What are the treatment options for cervical cancer?

It is important to ask questions about any aspects of your treatment that you are not sure about, or anything that worries you. Talking about the benefits and disadvantages of various options with an expert, such as a gynecologist, gynecological nurse or your GP (general practitioner, primary care physician) will help you understand the process. Some people find it useful to write down a list of questions, while others appreciate the company and support of a relative or close friend when they go to the doctor.

Cancer treatments can sometimes be complex and bewildering and not that straightforward for lay people to figure out. Doctors and health care professionals are used to people asking questions, and they should also be used to and should not mind explaining things again and again. Even if you worry that the hospital staff may be too busy to answer your questions, they should be eager to answer your them thoroughly so that you know how the therapies may possibly affect you.

Cervical cancer treatment options include surgery, radiotherapy, chemotherapy, or combinations. Deciding on the kind of treatment depends on several factors, such as the stage of the cancer, as well as the patient's age and general state of health.

Treatment for early stage cervical cancer - cancer that is confined to the cervix - has a success rate of 85% to 90%. The further the cancer has spread out of the area it originated from, the lower the success rate tends to be.

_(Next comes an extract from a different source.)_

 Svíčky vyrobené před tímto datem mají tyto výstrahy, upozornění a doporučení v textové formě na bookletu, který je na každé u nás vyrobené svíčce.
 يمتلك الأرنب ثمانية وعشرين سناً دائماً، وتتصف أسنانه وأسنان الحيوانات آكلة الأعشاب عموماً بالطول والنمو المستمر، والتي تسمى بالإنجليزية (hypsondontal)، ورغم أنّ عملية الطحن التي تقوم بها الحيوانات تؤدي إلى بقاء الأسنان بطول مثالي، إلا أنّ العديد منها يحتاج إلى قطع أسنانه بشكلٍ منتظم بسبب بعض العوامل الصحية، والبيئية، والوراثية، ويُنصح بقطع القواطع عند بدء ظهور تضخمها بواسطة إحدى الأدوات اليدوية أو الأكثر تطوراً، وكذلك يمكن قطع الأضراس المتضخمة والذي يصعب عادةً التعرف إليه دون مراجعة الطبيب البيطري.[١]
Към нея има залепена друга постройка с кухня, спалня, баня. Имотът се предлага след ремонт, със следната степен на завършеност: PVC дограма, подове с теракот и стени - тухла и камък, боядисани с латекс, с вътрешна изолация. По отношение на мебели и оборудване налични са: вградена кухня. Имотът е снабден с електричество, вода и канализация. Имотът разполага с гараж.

Early stage cancer treatment options

Surgery is commonly used when the cancer is confined to the cervix. Radiotherapy may be used after surgery if the doctor believes there may still be cancer cells inside the body. Radiotherapy may also be used to reduce the risk of recurrence (cancer coming back). If the surgeon wants to shrink the tumor in order to make it easier to operate, the patient may receive chemotherapy - however, this is not so common.

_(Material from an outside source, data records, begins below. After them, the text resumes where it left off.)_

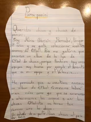 "Queridos chicos y chicas de Panini. Soy Núria Cebrián Bernabé, tengo 8 años y me gusta coleccionar vuestros cromos de fútbol. Pero me gustaría que sacarais un álbum de la liga de fútbol de chicas, porque también hay unos equipos muy buenos, por ejemplo, el Levante que es mi equipo, y el Valencia...", dice en la carta. "He pensando que si vosotros sacáis un álbum de fútbol femenino habrá más niñas como yo que se animaran a coleccionar los cromos, y así las chicas futbolistas se harán tan famosas como los chicos. Un saludo de mi parte. ¡Las chicas al poder! Núria".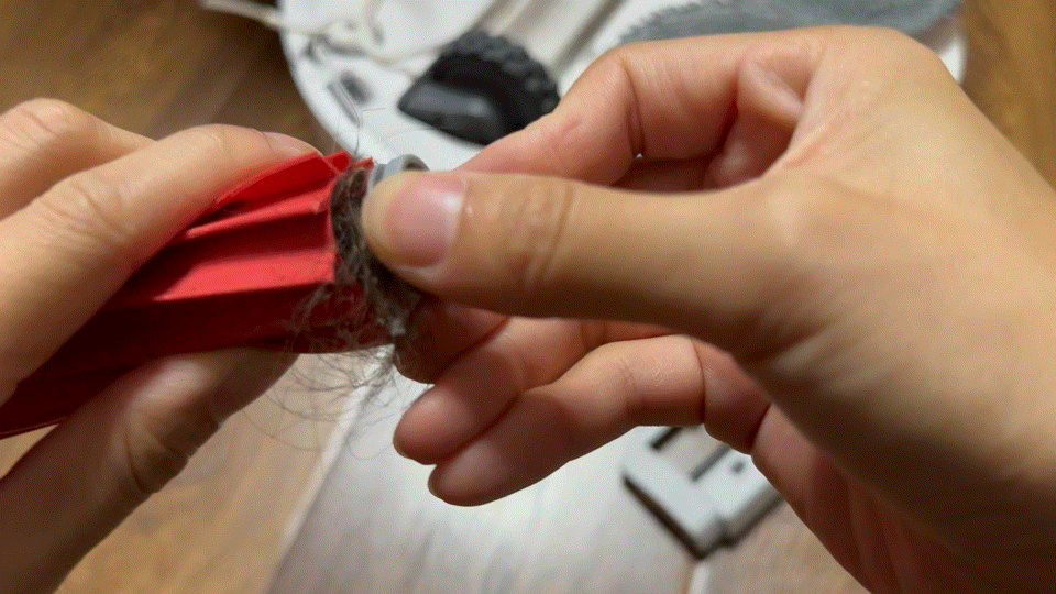 石头P10 Pro的防缠绕滚刷会将头发收集在滚刷两端,维护的时候只需要将顶端灰色圆钮旋转一下就可以了,随着圆钮被拿下的瞬间缠绕的头发也会随之掉落下来。不仅不会对滚刷进行缠绕,清洁起来也非常方便。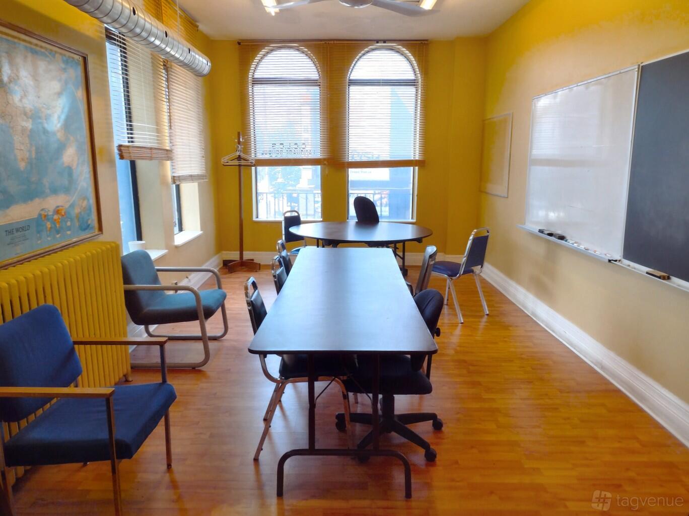 Our facilities include a kitchenette and other amenities, as well as chalkboards, whiteboards, and WiFi. Additionally, we have a back deck for some fresh air. We are conveniently close to a subway station, cafes, and restaurants.
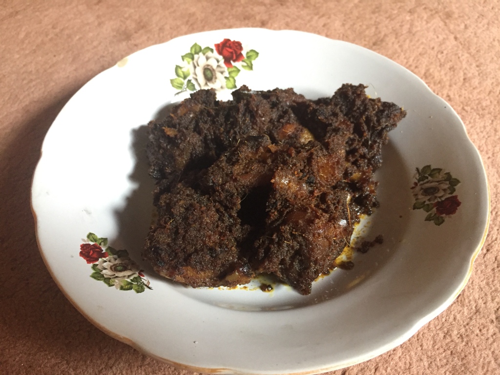 Ungkep potongan daging sapi dengan bumbu yang dihaluskan, tunggu hingga mengeluarkan air dan daging menjadi kering.
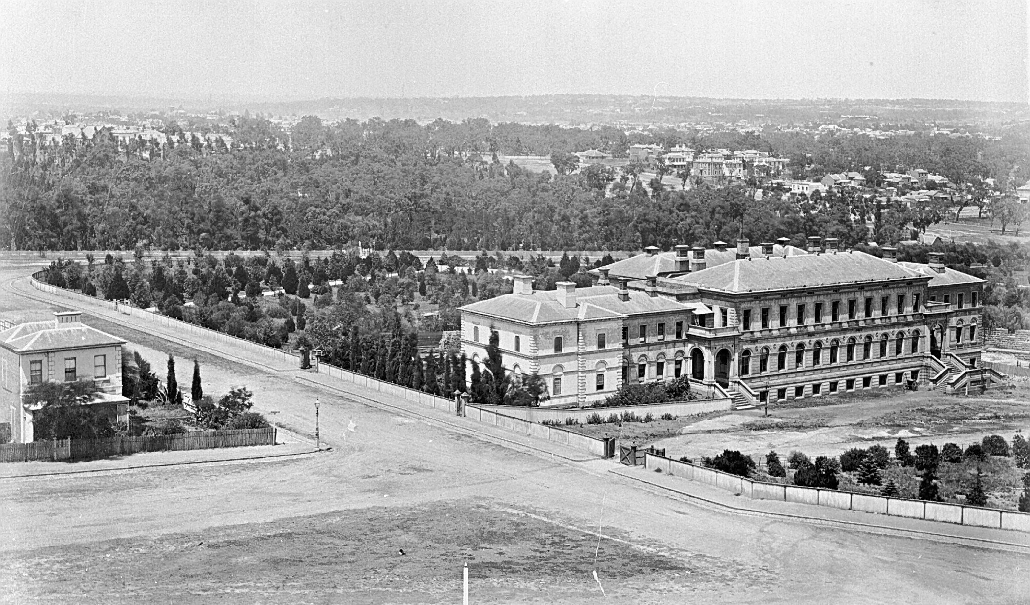 The Government Printing Offices on the right. St Andrews Place is in the foreground and the Fitzroy Gardens beyond.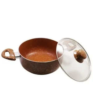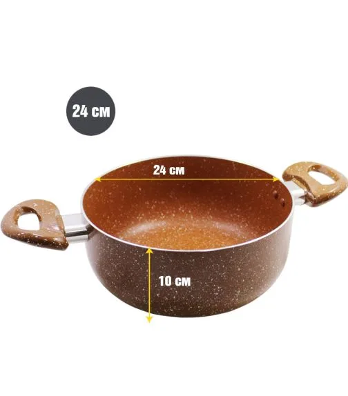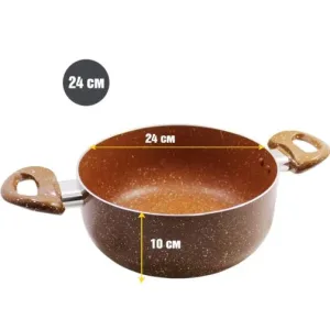 Тази тенджера със стъклен капак и мраморно покритие е пресована от висококачествен и здрав алуминий, което гарантира дълготрайност и надеждност. Мраморното покритие е устойчиво и незалепващо, осигурявайки лесно готвене и почистване. Равномерното загряване и термоизолираните дръжки правят готвенето безопасно и удобно. Термоустойчивият стъклен капак с отвор за пара позволява контрол на процеса на готвене. Тенджерата е съвместима с всички източници на топлина, с изключение на индукционни котлони, и е подходяща за почистване в съдомиялна машина. С дебелина от 2,2 мм и размери 24 х 10 см, тя предлага обем от 4,5 литра, идеален за приготвяне на разнообразни ястия. Изберете Тенджера ЕК-24 MBR за перфектни резултати в кухнята!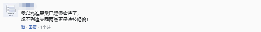 还有岛内网民评论,“我以为民进党已经很会演了,想不到这美国两党更是演技绝伦!”↓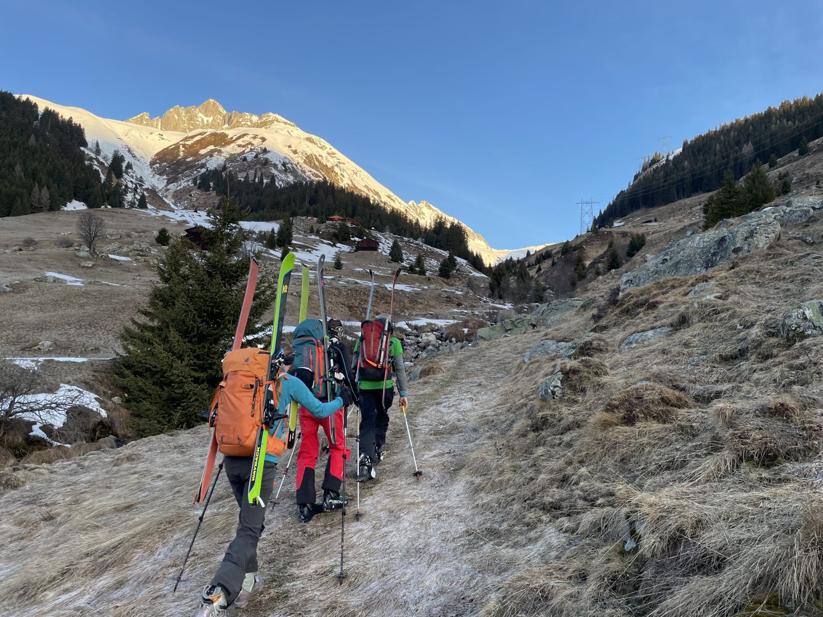 Neuer Tag, neue Verhältnisse! Strahlend blau der Himmel, und die ersten Sonnenstrahlen tauchen den Culmatsch in Goldfarbe. Die Schneedecke hat in der klaren Nacht gut durchfrieren können, und so gleiten wir über die (noch) verschneiten Weiden gegens Val Mila. Rund zwanzig Minuten müssen wir die Ski zur Strasse hochbuckeln, bis wir wieder sie wieder an die Füsse nehmen.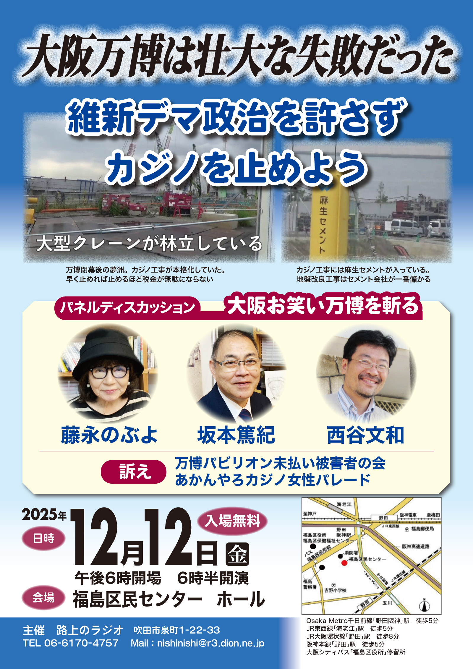 とりくみ案内 大阪万博は壮大な失敗だった―維新デマ政治を許さずカジノを止めよう 2025.12.01 ◆パネルディスカッションー大阪お笑い万博を斬る◆出演:藤永のぶよさん、坂本篤紀さん、西谷文和さん◆訴え:万博パビリオン未払い被害者の会 あかんやろカジノ助成パレード◆日時:2025年12月12日(金)福島区民センターホール◆主催:路上のラジオ (入場無料) (印刷用PDFファイル)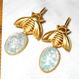 Petrol hydro glass cut F - BJS953-Exclusive contemporary fashion Designer Bezel Earrings wh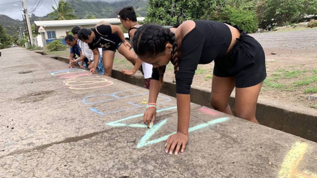 Au programme de cette édition anniversaire, une première action “coups de craie” dans les rues du village, très animées grâce à la présence de l'Aranui, en escale à Ua Pou. Les élèves de 3e se sont prêtés à un exercice de Street Art éphémère au bord des caniveaux, en inscrivant “La mer commence ici”. Ces inscriptions à certains points stratégiques –devant l’église, le CSP, des commerces fréquentés et la brigade de gendarmerie de Hakahau– représentent un appel à l’écocitoyenneté : “L’océan ne monte pas jusqu’en haut, mais qu’est-ce qui descend vers la mer ? Les déchets… qui vont arriver dans notre AME” rappelle Marie aux étudiants, “notre arme aujourd’hui, c’est la craie.”

The options for surgery in the early stages may include:
  • Cone biopsy (conization) - this procedure may also be used to remove any abnormality. The surgeon uses a scalpel to remove a cone-shaped piece of cervical tissue.

  • Laser surgery - a narrow beam of intense light destroys cancerous and precancerous cells.

  • LEEP (loop electrosurgical excision procedure) - a wire loop which has an electric current cuts through tissue removing cells from the mouth of the cervix.

  • Cryosurgery - cancerous and precancerous cells are destroyed by freezing them.

  • Hysterectomy - the cancerous and precancerous areas, as well as the cervix and the uterus are surgically removed. This is not common and is only done in certain cases of noninvasive cervical cancer.
Advanced cancer

When the cancer has spread beyond the cervix surgery is not usually an option. Advanced cancer is also referred to as invasive cancer because it has invaded other areas, not just where it started off. This type of cancer requires more extensive treatment. The patient will typically be treated with either radiotherapy or a combination of radiotherapy and chemotherapy. In the later stages of cancer palliative therapy is administered to relieve symptoms and improve quality of life.
  • Radiotherapy

    Radiotherapy is also known as radiation therapy, radiation oncology and XRT. It is used for treating cancer, thyroid disorders and some blood disorders. Approximately 40% of cancer patients undergo some kind of radiotherapy. It involves the use of beams of high-energy X-rays or particles (radiation) to destroy cancer cells. Radiotherapy works by damaging the DNA inside the tumor cells, destroying their ability to reproduce.

    This may be delivered externally or internally (brachytherapy) by placing radioactive material near the cervix. For patients with advanced cervical cancer radiation combined cisplatin-based chemotherapy is the most effective treatment, according to gynecologic oncologists.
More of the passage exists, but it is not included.